ECE 59500 - Fundamentals of Transistors

Note:

This course will run the second five weeks of the semester and is offered through edX.

Course Details

Lecture Hours: 3 Credits: 1

Counts as:

  • EE Elective
  • CMPE Special Content Elective

Normally Offered:

Each Spring

Campus/Online:

On-campus and online

Requisites:

ECE 30500 or ECE 60600

Requisites by Topic:

Understanding of semiconductor fundamentals (e.g. energy bands, doping, carrier densities, drift-diffusion equations, Fermi and quasi-Fermi levels, etc.)

Catalog Description:

This course develops a simple framework for understanding the essential physics of modern nanotransistors and also discusses important technology considerations and applications of transistors; the focus is on MOSFETs.
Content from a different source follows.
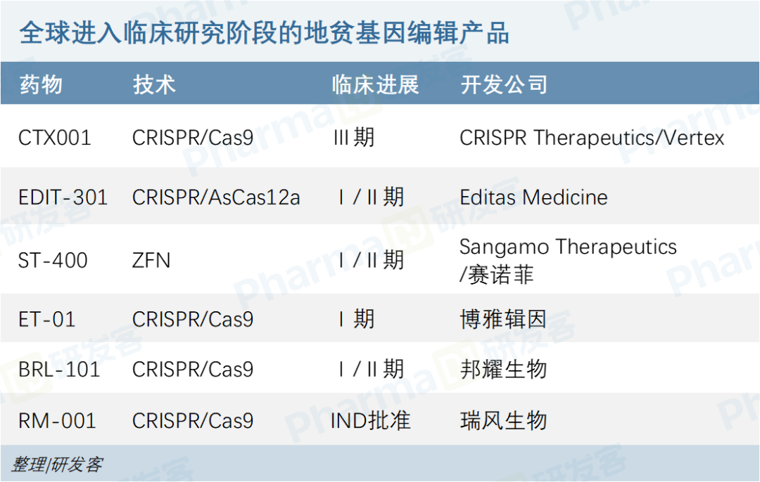 前不久,蓝鸟公司(bluebird bio)用于β-地中海贫血的慢病毒基因疗法Zynteglo在美国上市。研发客观察到,后续针对地贫的基因治疗产品多是基因编辑技术路线,不完全统计得知,目前全球已有6款针对地贫的基因编辑产品进入临床研究阶段。
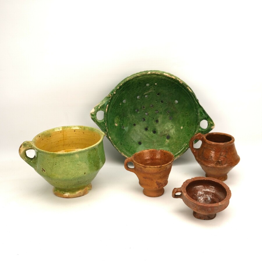 Lot van vijf stuks Fries aardewerk, waaronder een groengeglazuurd vergiet en een bruin aardewerken potje met initialen 'GB'

The goal is to do this in a way that is broadly accessible to students with only a very basic knowledge of semiconductor physics and electronic circuits. The course is designed for anyone seeking a sound, physical, but simple understanding of how nanoscale transistors operate. The course should be useful for advanced undergraduates, beginning graduate students, as well as practicing engineers and scientists.

Required Text(s):

None.

Recommended Text(s):

  1. Fundamentals of Nanotransistors , Lundstrom, M. , World Scientific , 2017
  2. Semiconductor Device Fundamentals , 2nd Edition , Pierret, R. F. , Addison-Wesley Publishing Co. , 1996 , ISBN No. 0-201-54393-1

Learning Outcomes:

A student who successfully fulfills the course requirements will have demonstrated:
  1. An understanding of MOSFET IV characteristics and device metrics and an ability to analyze measured transistors characteristics and extract key device parameters.. [6]
  2. An understanding of the physical operation of transistors and an acquaintance with the traditional theory of the MOSFET.. [1]
  3. An understanding of 1D/2D/3D MOS electrostatics and an appreciation of the need for advanced MOSFET structures such as the FinFET.. [1]
  4. An understanding of how modern transport theory (the transmission approach) is applied to MOSFETs.. [1]
  5. An acquaintance with other barrier controlled transistors, such as HEMTs and bipolar transistors and an understanding of what a physics-based compact model is and the role it plays in electronics.. [1]

Lecture Outline:

Weeks Topic
Unit 1 Transistors, compact models, and circuits
Unit 2 Essential physics of the MOSFET
Unit 3 MOS Electrostatics
Unit 4 Transmission theory of the MOSFET
Unit 5 Additional topics

Assessment Method:

Students in this course are evaluated by exams.